Beach City Dam on the sugarcreek is loaded with carp.


----------



## firetiger (Jul 24, 2004)

u got that right fishing marshall. theres so many u can snag them. ever reel in a 30lb carp sideways???? lol


----------



## PAYARA (Apr 7, 2004)

Yep! Alot of carp at Beach City!But something about that place 
that I find creepy....esspecially around that dam/spillway building
there


----------



## firetiger (Jul 24, 2004)

i dont like it either when theres 10 cars parked and nobody around as far as the eye can see. and i dont think im going to look for them.


----------



## gonefishing8807 (Dec 5, 2005)

hey thanks again for the help.


----------



## tcba1987 (Jun 22, 2004)

ive been told theres alot of GAYS and druggies up there, BE CAREFUL you might see something that you dont want to see if you go looking for them.
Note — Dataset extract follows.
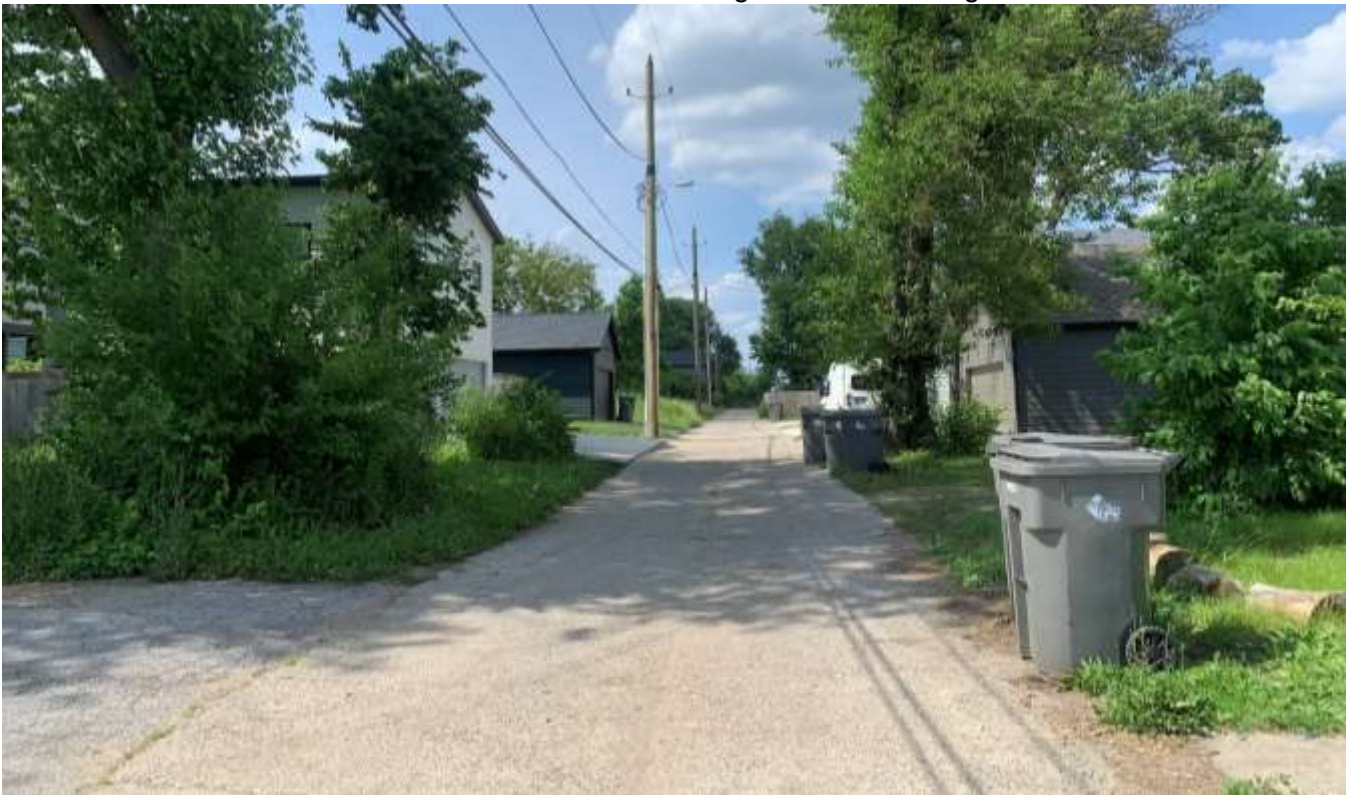
Photo of the alley east of the site.

LOL


----------



## PAYARA (Apr 7, 2004)

LOL! Beach City is probably their new 'retreat' since they have 
been 'cracking' down on that crowd at Nimmisila!And I will say
that one could certinly do what they wanted at Beach City,as
everytime I have ever been there the place seems totaly 
deserted!I don't even want to know what goes on at that
place!


----------



## gonefishing8807 (Dec 5, 2005)

nasty thats all i can say


----------



## MadDad (Jun 9, 2005)

I've gone there several times and have never been bothered, other than the time this drunk dude and his girlfriend and kid came down the steps to fish. I was on the far side of the spillway. They start walking down the side of the spillway nearest to the parking lot, the drunk guy falls down onto the grass/mud just a few steps from the stairs. He isnt getting up after a few minutes, and the kid starts walking over to me, so I head over to see if he needs help. Here, he had slipped off the edge of the concrete apron where its about 6 inches or so above the ground, and broke his ankle. He is holding his leg up and his ankle is at some weird un-natural position. So I had to help him up all them steps, with his girlfriend on his other side, and 2 or 3 times his foot hit the steps and he would scream like a banshee. This was very early on a Sunday morning, the guy smelled like he just stepped out of the bar.


----------



## PAYARA (Apr 7, 2004)

Mad--I bet that was a sight!...lol..Those stairs are dangerous 
enough when sober!I bet there has been a number of 'accidents' 
on them?


----------



## Primus (Jul 6, 2005)

_this looks like another fish i would like to try for in 2006. any infomation on how to catch and were to catch would be helpful.

thanks
Evan_

If you live close to Stow, try Silver Springs off of Call Road (I think). I've picked up bowfin 4 or 5 times over the last two years. Like everyone is saying- alot of times they are caught unintentionally while bassin' or catfishing. Good fighters and nasty teeth. (Of course, avoid women with these attributes).


----------



## cowburner (Dec 8, 2004)

yea payara as other people have mentioned the killbuck is always good for Bowfin, you can also catch your share of carp too.after fishing it for years i dont think any one spot is any bettter for bowfin. I always seem to catch them, good fighters for when the pike arent biting.....good luck


----------



## PAYARA (Apr 7, 2004)

Cowburner...What are some of the best locations to fish Killbuck?
In general?

Thanks!


----------



## cowburner (Dec 8, 2004)

I like fishing the killbuck at south end of wooster, right next to water treatment place. They let the fishermen park down in the grass right next to bidge at waters edge. Then theres the killbuck marsh/wildlife area a few miles south of wooster, plenty of spots down there to fish. Killbuck runs right through it. Another good spot is off st rt 83 at holmes county/wayne county line turn west and river is just down road at bridge. Make sure you bring your skeeter spray if you go down there though. Lots of good fishing in the killbuck. Pike,Bowfin,saugeye,smallmouth,carp,catfish


----------



## PAYARA (Apr 7, 2004)

Cowburn--Thanks Alot for the great information!Good fishing 
too you!


----------



## gonefishing8807 (Dec 5, 2005)

yeah thanks for all the info


----------



## Pikedaddy (Jul 20, 2005)

Try hitting up Mogadore if you catfish it enough you will get one. It seems like we usually get them when just using crawlers. I have also seen bowfin caught while bassfishing at night on top . I also know Silver Springs also has them as" Primus said". Somehow bowfin are in there along with a few gar .Somebody who fishes erie probably got bored and brought some back .

good fishin


----------



## PAYARA (Apr 7, 2004)

What and where is this Silver Springs?I have a feeling I
already know..but to be sure?


----------



## PAYARA (Apr 7, 2004)

Can anybody answer the question in my last post  Thanks!


----------